Он действительно ловил себя на мысли, что любит Сосо. И это чувство с каждым днем укреплялось в нем, укорененно прорастая в другие, менее значительные и оттого второстепенные чувства. Но всех их объединяло желание сделать для Сосо что-то такое, чтобы это не затронуло его самолюбия. Ибо на предложение взять деньги на какие-то свои мелкие нужды Сосо сказал:
– Деньги любят хозяина больше, чем он их. Потому они вопят, когда попадают в чужие руки.
– Не понял? – насторожился Писмамедов. – Что же, нам всем надо становиться «скупыми рыцарями»?
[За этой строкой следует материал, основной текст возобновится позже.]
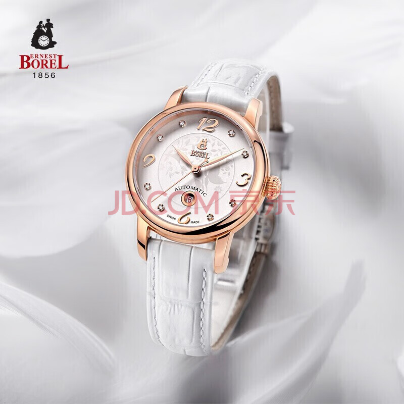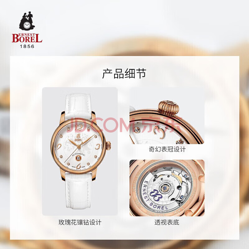 商品相册:依波路(ERNEST BOREL)瑞士女士手表 女神礼物 蝴蝶花系列 间金镶钻皮带机械女表送女友第

– Нет. Просто с деньгами надо расставаться с той же болью, с какой они покидают тех, кто от них избавляется.
И Давиду подумалось, какие они разные, эти грузинята. Вот соседский мальчик Ной совершенно иной. Да, вот так – в мыслях – срифмовалось. Как Сосо, он тоже не любит застольных игр. Скорее, он их даже ненавидит. Ему все время хочется табуниться, бежать за пущенным с горы обручем, гонять тряпичный мяч, просто, с высветленными от безумства глазами, лететь неизвестно куда.
И деньги он берет бездумно. Как-то походя. Засовывает их себе за пазуху и говорит все время одно и то же:
– Дай бог не убиться о твой порог, когда еще позовешь на испытание своей щедростью.